Losing weight and maintaining it within recommended range will also help ease the burden from the joints.

Water

Preventing a gout attack may be as simple as drinking 8 glasses of water everyday. Water aids in flushing toxins out of the body and keeping the kidneys in top condition. With enough fluid intake, the body can excrete uric acid better through urine and prevent the formation of uric acid crystals.

Fruit juices

On top of the water intake, fresh fruit juices can also help combat the increase in uric acid levels.

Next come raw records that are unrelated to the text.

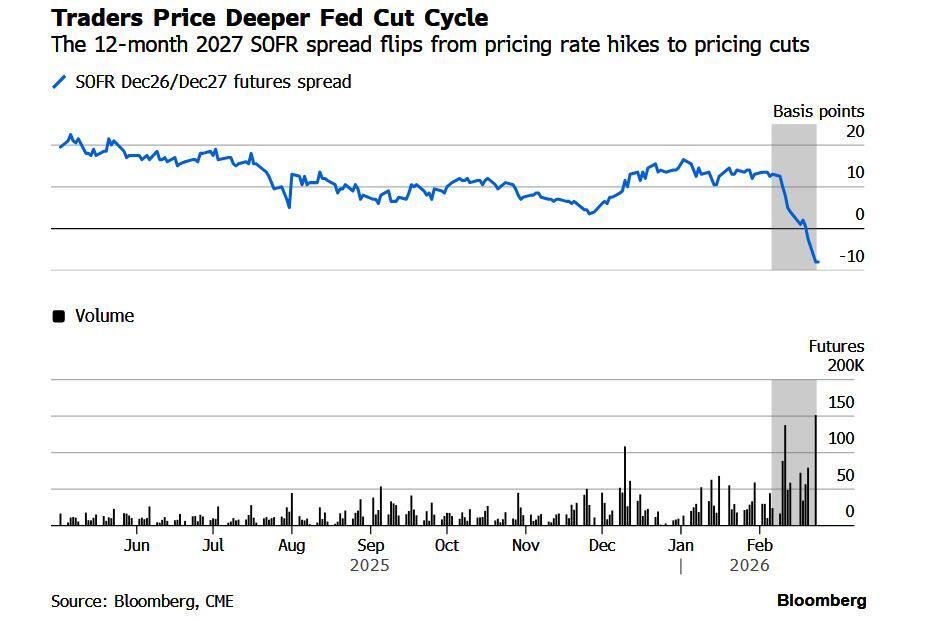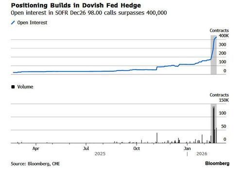As Bloomberg's Edward Bolingbroke observes, after months of consensus trades that the Fed's easing cycle will end in 2026, traders in US futures and options markets are suddenly piling on bets that the Fed will continue cutting rates well into next year instead of raising them.
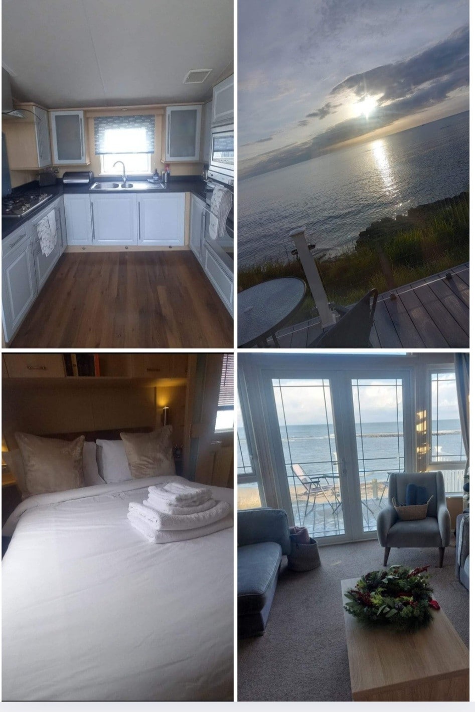 Dieser Wohnwagen mit Strandthema ist der perfekte Ort für eine Auszeit, mit den erstaunlichsten Panoramablick auf die Küste, um sich auf der Terrasse mit großartigem Sonnenaufgang und Sonnenuntergang zurückzulehnen und zu entspannen. Voll ausgestattete Küche, Doppelbettzimmer mit eigenem Bad, das eine Badewanne hat, sodass du ein tolles entspannendes Schaumbad nach einem Spaziergang an den schönen Stränden genießen kannst. Es gibt auch eine separate Toilette mit Dusche, Zentralheizung und Doppelverglasung. Es ist nur einen Steinwurf von der High Street entfernt, mit vielen Restaurants und Pubs zum Ausprobieren.
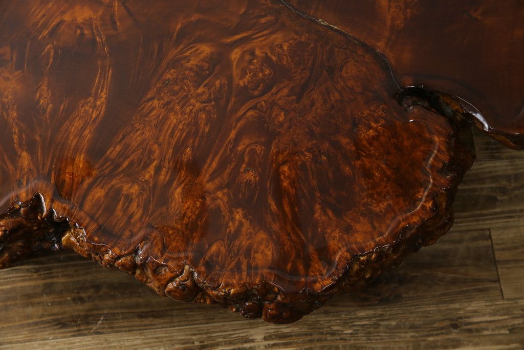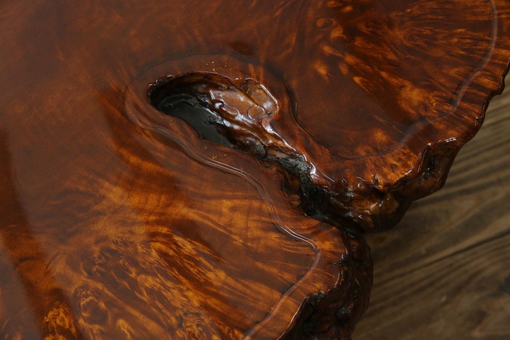 テーブル> 座卓 > 中古 美品 銘木 楓(カエデ)の輪切り 瘤材 鳥眼杢(バーズアイ) 木の風合いを活かした高級座卓(ローテーブル、センターテーブル、リビングテーブル)(定価約50万円)(R-061036)
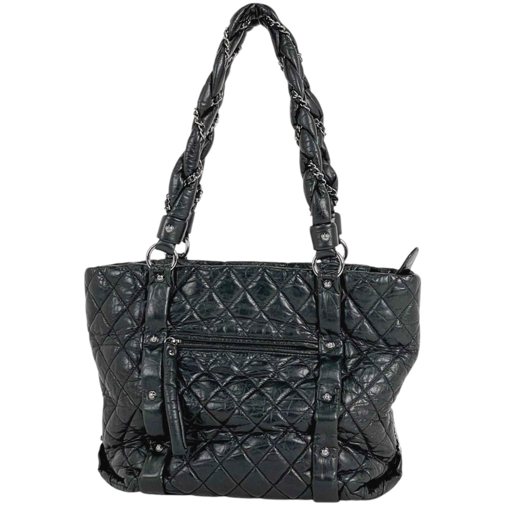 CHANEL Coco Mark Chain Tote Bag Shoulder Leather Black Women\'s
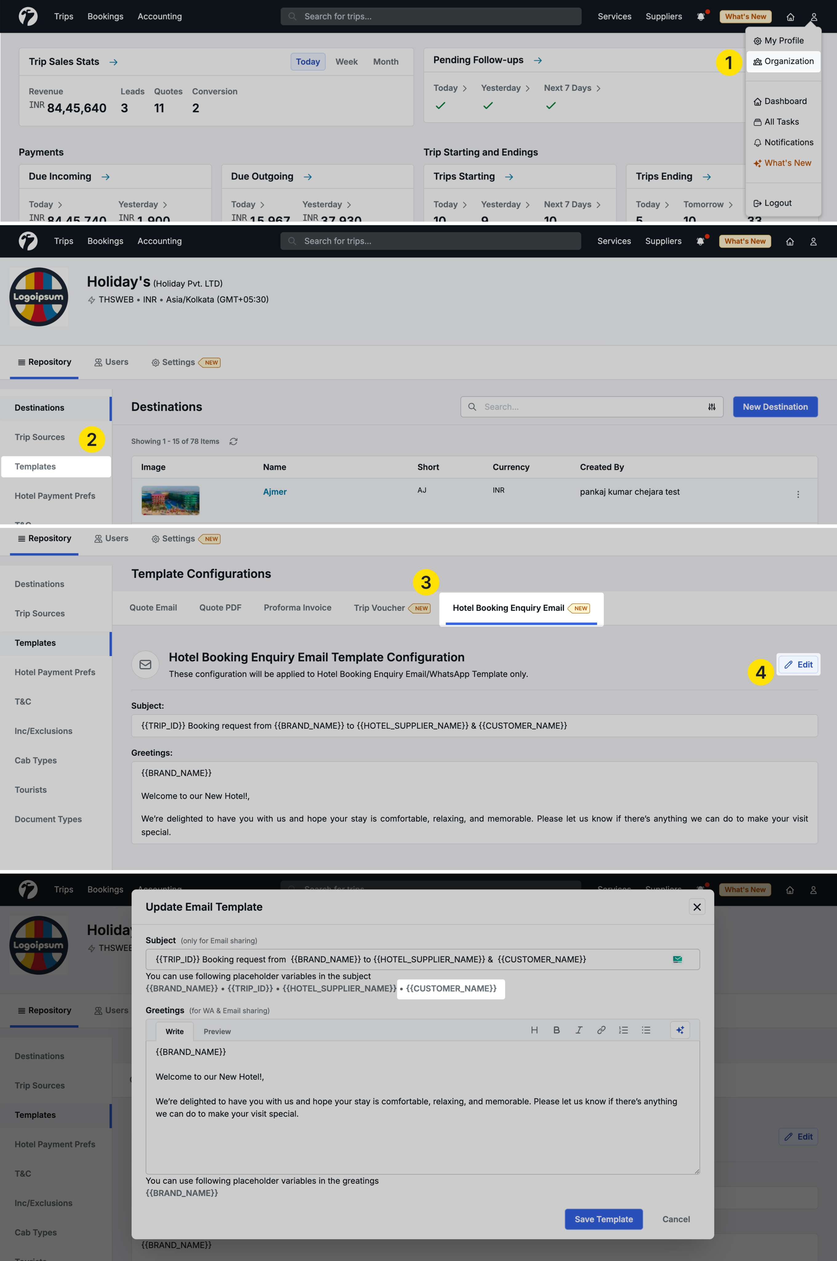 Navigate to Profile → Organization → Repository → Templates → Hotel Booking Enquiry Email Template
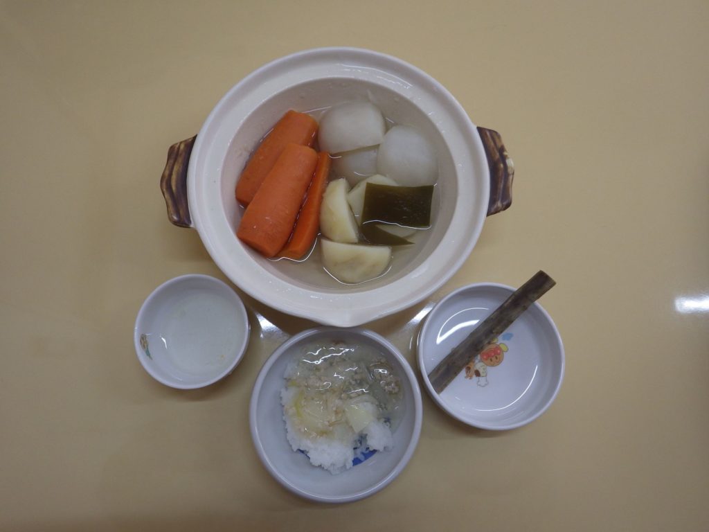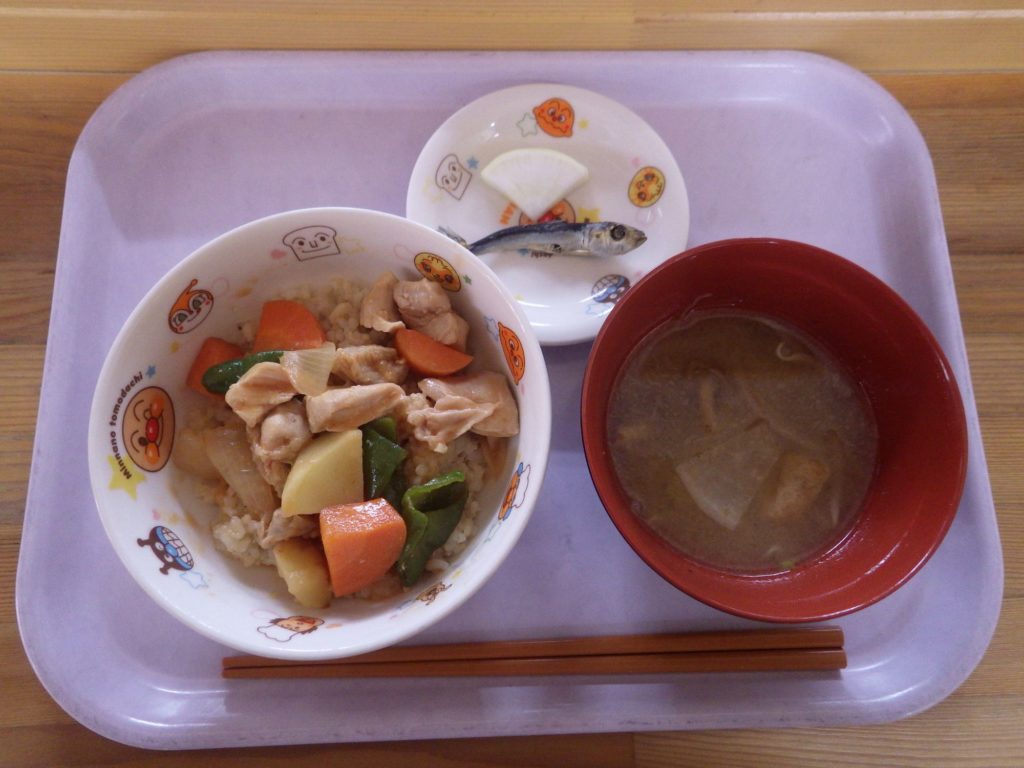 今日の給食 2026.04.08 今日の給食は ごはん(すずらん組、ひまわり組五分づき、以上児クラス玄米) 人参と玉ねぎ、ピーマンの酢鶏丼 もやしとなめこ、油揚げの味噌汁 以上児クラスは大根の糠漬け ひまわり組、以上児クラスは煮干し 午後のおやつはおかかおにぎり 今日の離乳食は 白米粥 鶏肉と玉ねぎ、もやしのあんかけ丼 土鍋野菜(かぶ、じゃがいも、人参) 咀嚼用ごぼう 午後のおやつは軟飯おにぎり
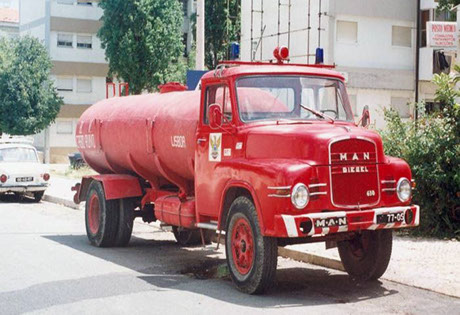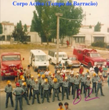 An old apparatus line of this FD (1982 pic ?). Featured: MAN chassis for the future Tanker/Water carrier shown in H03/H04 + FIAT AM + Land Rover Utility jeep (AA ?; probably donated by the Portuguese Navy‟s Sea Rescue Agency) + Morris mini AC + Chevrolet APS (FF-07-82; donated by the ex-BSB, where it was operated new in 1972; see also H03). The latter is identical to the one donated by the BSB to the VFD of Ajuda-C92.
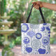Söt anpassad namn abstrakt blomst konstnärlig blå tygkasse
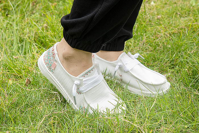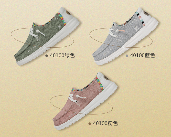 棉麻风鞋面+田园元素图案装饰,搭配宽鞋带,尤其悠闲自在。
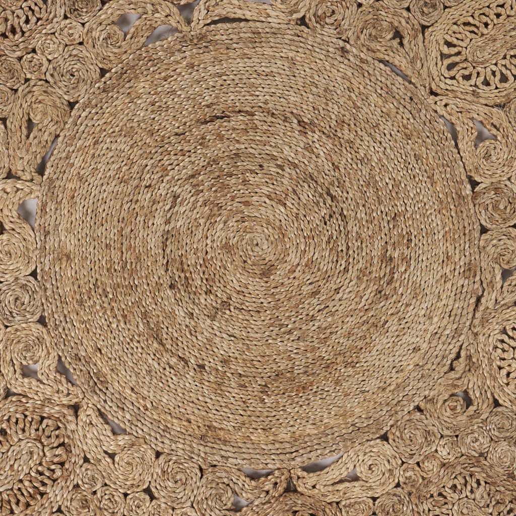 Set an inviting tone in your space with this 8-foot natural jute hand braided round rug. Crafted from jute fibers that give this piece premium texture, refinement, and appeal. Rugs are a great way to showcase your style, hide imperfections, warm your home and reduce noise. This larger sized, classic styled rug is ready to create a focal point or statement piece in your room. 90-inch h x 90-inch w x 0.5-inch d.
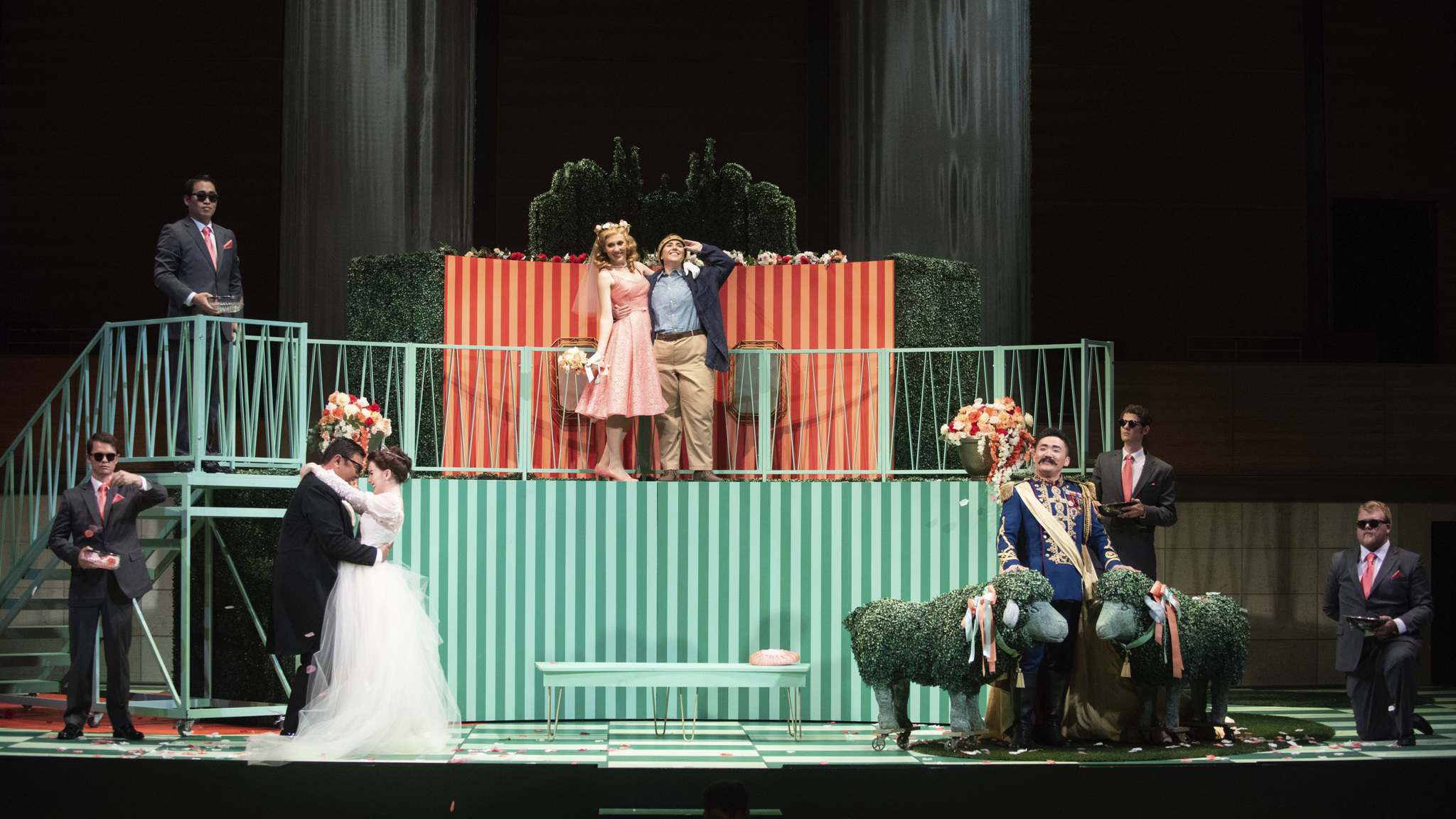 Director Elkhanah Pulitzer keeps everything clear by use of onstage costume changes, even though there are many scenes in this one act opera, and the English text can get lost in the layers of music. Chad Owens' set is unique: there are two dressing rooms on the left and right above two showers, the dressing rooms can be assessed by either ladders or a steeply raked platform. In the center is a long dining table for eight and around the orchestra runs a strip of stage as well.
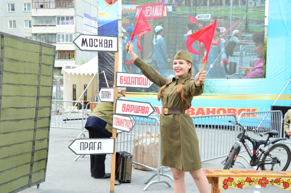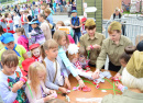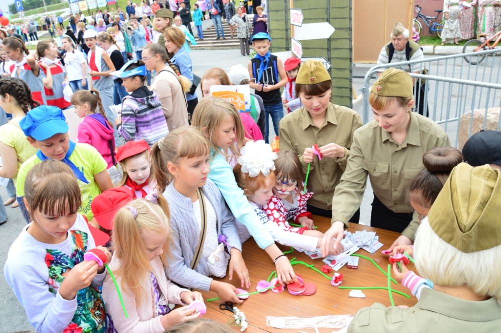 Чреда поздравлений продолжилась выступлением детского духового оркестра и хореографический коллектив «Ангажемент». Возле сцены была организована интерактивная площадка. Работники и воспитанники дворца культуры приглашали горожан на танец, а для детей была организована творческая зона, на которой они своими руками изготавливали гвоздики.
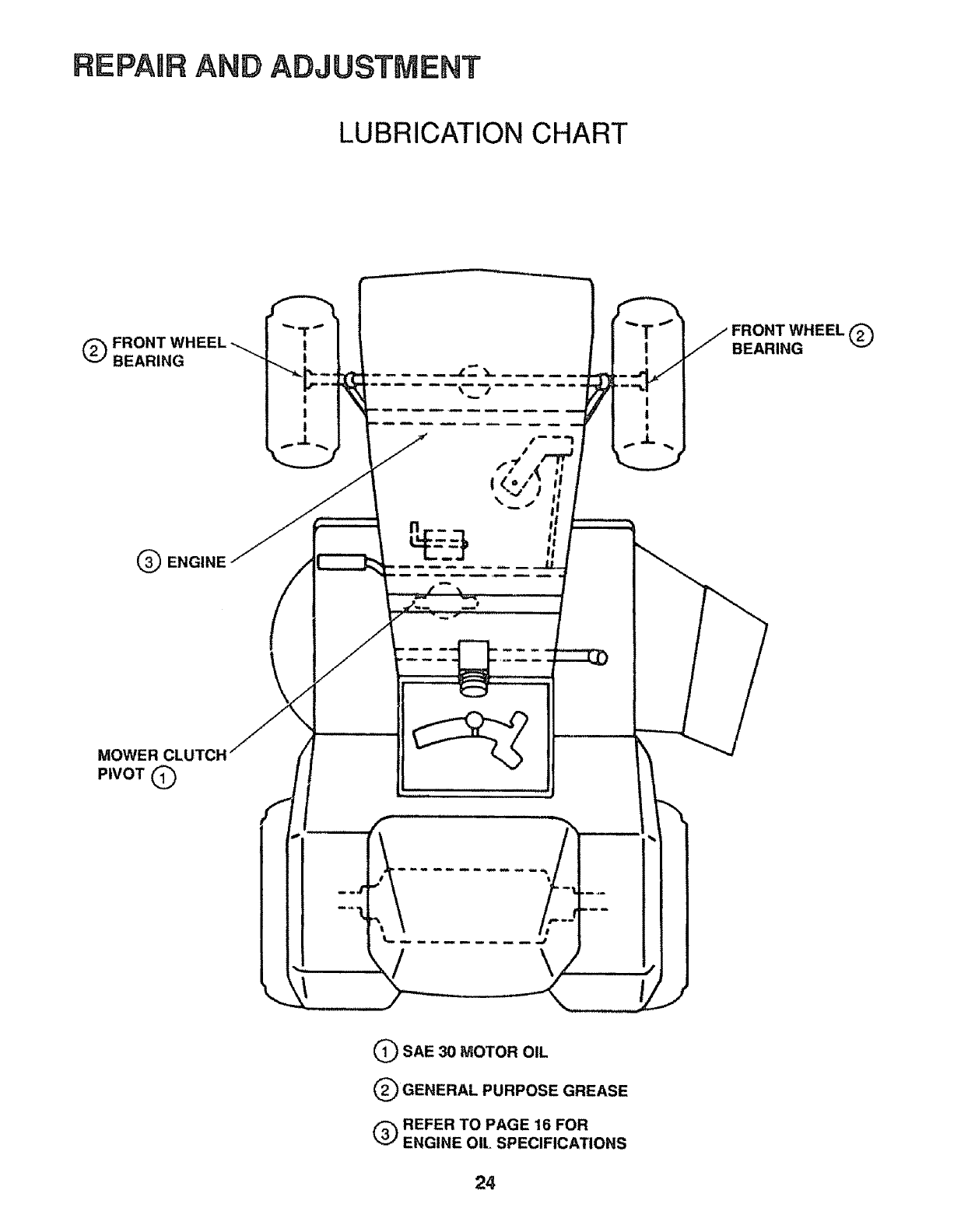 =_ Ch_ck front-to._rear and sUe-to-side Mower adjustment
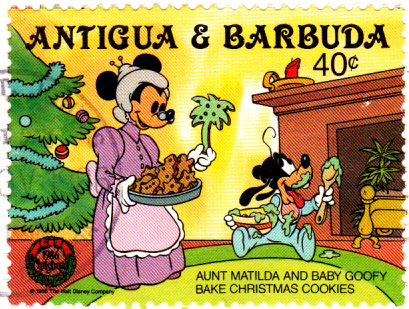 Die Marke MiNr 997 aus der Serie zu Weihnachten 1986 aus Antigua und Barbuda zeigt uns, wie Tante Mathilda und Goofy als Baby Plätzchen backen.
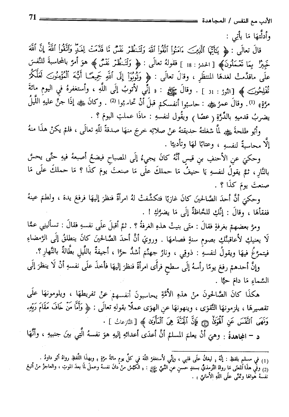 د- المجاهدةُ: وهيَ أنْ يعلمَ المسلمُ أنَّ أعدَى أعدائهِ إليهِ هوَ نفسهُ الَّتي بينَ جنبيهِ، وأنهَا
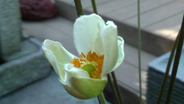 純白の秋明菊は咲き始めたのに、この暑さでどうしていいのか迷ってるご様子?
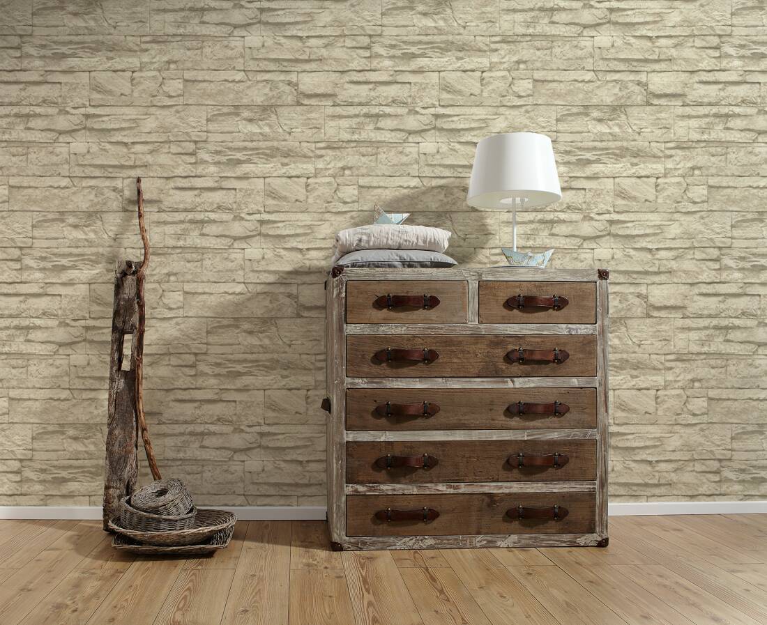 Proposta de Papel de Parede estilo Pedra, Casa de Campo, Bege, Creme.
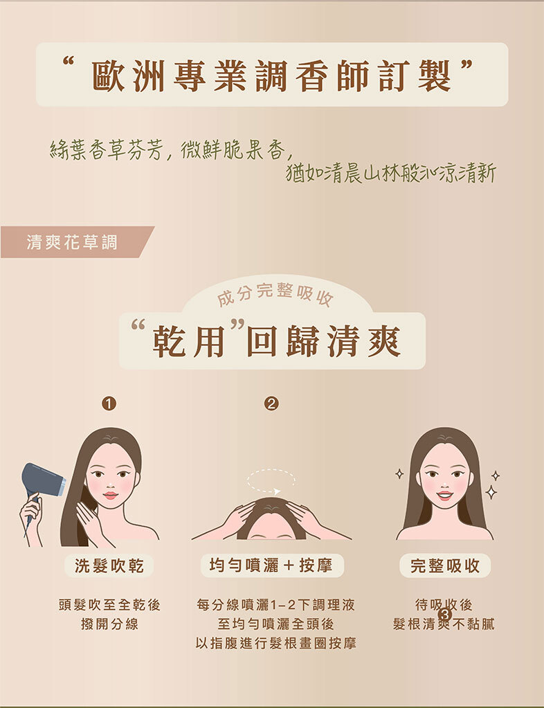 洗髮後,先將頭皮吹乾,將本產品貼近於頭皮髮根分線處噴灑。每條分線噴1-2下,均勻噴灑全頭並按摩吸收即可。

Eat your fruits and vegetables

While some vegetables like dried beans and peas are not recommended for gout sufferers, there are others that can help improve a patient's condition. These are vegetables that are rich in flavonoids including apigenin like thyme, peppermint and parsley. Fruits like cherries, blueberries and blackberries may also help.

Go easy on the purine

Foods rich in purine include red meats - pork, beef, lamb and venison. Organ meats like liver, kidneys and tripe are also high in purine. Seafoods like mackerel, herring and anchovies and shellfish like mussels and oysters can also trigger an attack or aggravate the condition.

If purine-rich foods cannot be avoided (it is also present in poultry), best keep it to a low minimum - not more than 6 oz. per day. As an alternative, tofu may be a better choice, since soybeans is a good source of protein and does not contain purine.

Go for the good fats

Fatty acids found in fish like salmon, for example, have anti-inflammatory properties. The same benefit can also be found in nuts, flax oil and olive oil.

Drink moderately

If you can, it's better to avoid alcohol and beer altogether. Alcohol is a prime promoter of purine metabolism and can induce the body to produce more uric acid. It also will block the body's ability to excrete these harmful substances. However, there's some good news. Wine has not been linked to gout and may be consumed in moderate amounts without increasing the risk.

Too much sweets and junk

A diet high in simple carbohydrates and fructose or table sugar may also cause gout, along with the salts and additives found in junk food. If you have the condition, best eliminate these from your diet. A decrease in intake will also help you reduce weight.

Take supplements

Maintaining a diet that is low on purine has its drawback. It may deprive the body of precious vitamins and minerals that are otherwise present in purine-rich foods. Vitamins like E and B complex help the body regulate its functions and are essential in fighting gout. In this case, taking supplements may be necessary.

B-complex vitamins and folic acid must be taken in divided doses daily to help neutralize uric acid. Vitamin E may be taken in low doses initially and increased gradually to help supplement the diet. In the first stages of a gout attack, taking a high dose of Vitamin C may also help.

Other supplements worth looking into are magnesium citrate to relieve spasms, L-glutamine and L-glycine to reduce acids, L-methionine to detoxify high-purine level foods and fish oil to bring down the swelling.

Gout patients don't need to suffer for the rest of their lives because of gout. It will continue to exist, true, but it can be controlled as long as a sensible diet is followed. Remember that we are what we eat and while genetics can play a role in some individuals, what we do to ourselves ultimately determines our overall health.